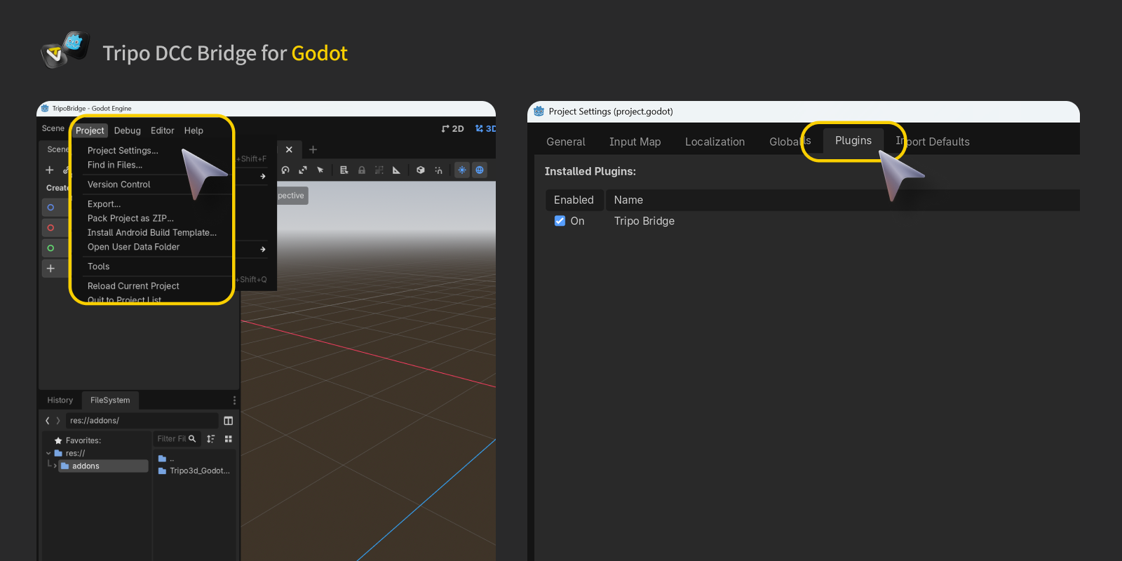 - Import the Package into Godot, open your project and navigate to: Project → Project Settings → Plugins. Make sure the Tripo Bridge plugin is enabled.
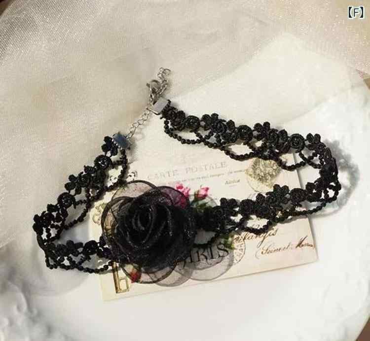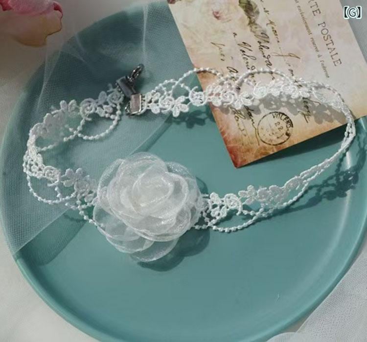 チョーカー レディース 森ガール系 スイート フェミニン ロリータ チュール レース フラワー 花モチーフ 蝶々 リボン 高級感 ハンドメイド 鎖骨チェーン ショートネックレス 首元アクセサリー
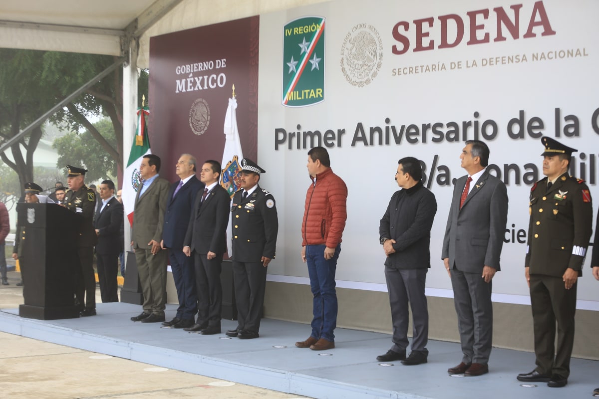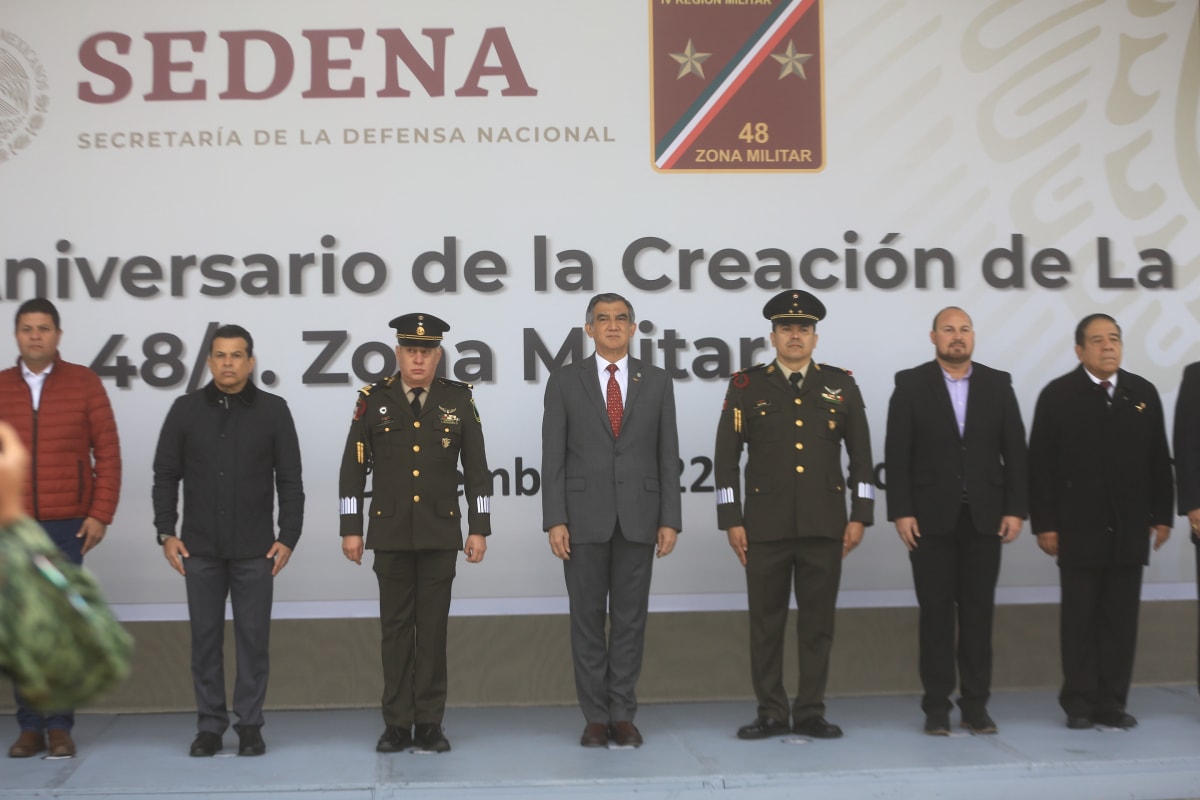 Al asistir este lunes a la ceremonia cívica de honores a la bandera, en la explanada del Campo Militar del 77 Batallón de Infantería, donde se conmemoró el primer aniversario de la 48/a Zona Militar, señaló que desde el pasado 1 de octubre, las Fuerzas Armadas han asumido una participación activa y de apoyo al desarrollo general de Tamaulipas, y en particular su respaldo a la nueva estrategia de seguridad, ha sido muy valioso.
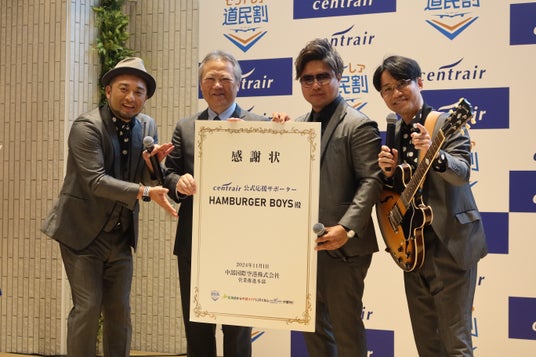 中部国際空港株式会社が、名古屋・中部地域やセントレアの魅力を発信することを期待して、各就航先で活動するアーティストなどを応援サポーターに任命している。HAMBURGER BOYSは2023年に任命。
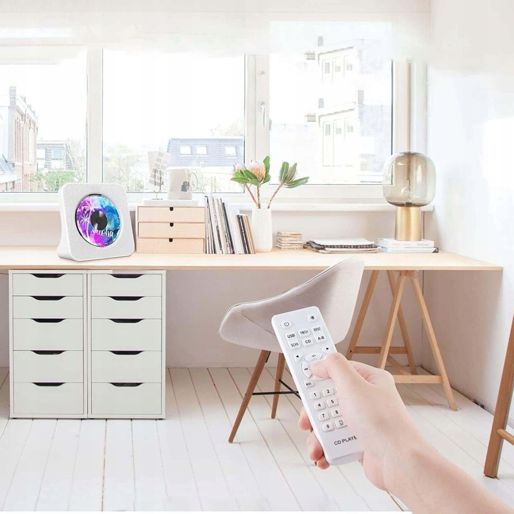 Бумбокс CD-плеєра може стояти на столі, обладнаному пультом дистанційного керування (батарея AAA не входить в комплект). Ви можете використовувати його у вітальні, спальні. Розроблений із захистом від пилу, тому вам не потрібно турбуватися про накопичення пилу

▶ **Exercise**: Please print the lines from the one holding "中部国際空港株式会社が、名古" through the end of the records above, unchanged and with the pictures left out.

▶ **Task result**:
 中部国際空港株式会社が、名古屋・中部地域やセントレアの魅力を発信することを期待して、各就航先で活動するアーティストなどを応援サポーターに任命している。HAMBURGER BOYSは2023年に任命。
 Бумбокс CD-плеєра може стояти на столі, обладнаному пультом дистанційного керування (батарея AAA не входить в комплект). Ви можете використовувати його у вітальні, спальні. Розроблений із захистом від пилу, тому вам не потрібно турбуватися про накопичення пилу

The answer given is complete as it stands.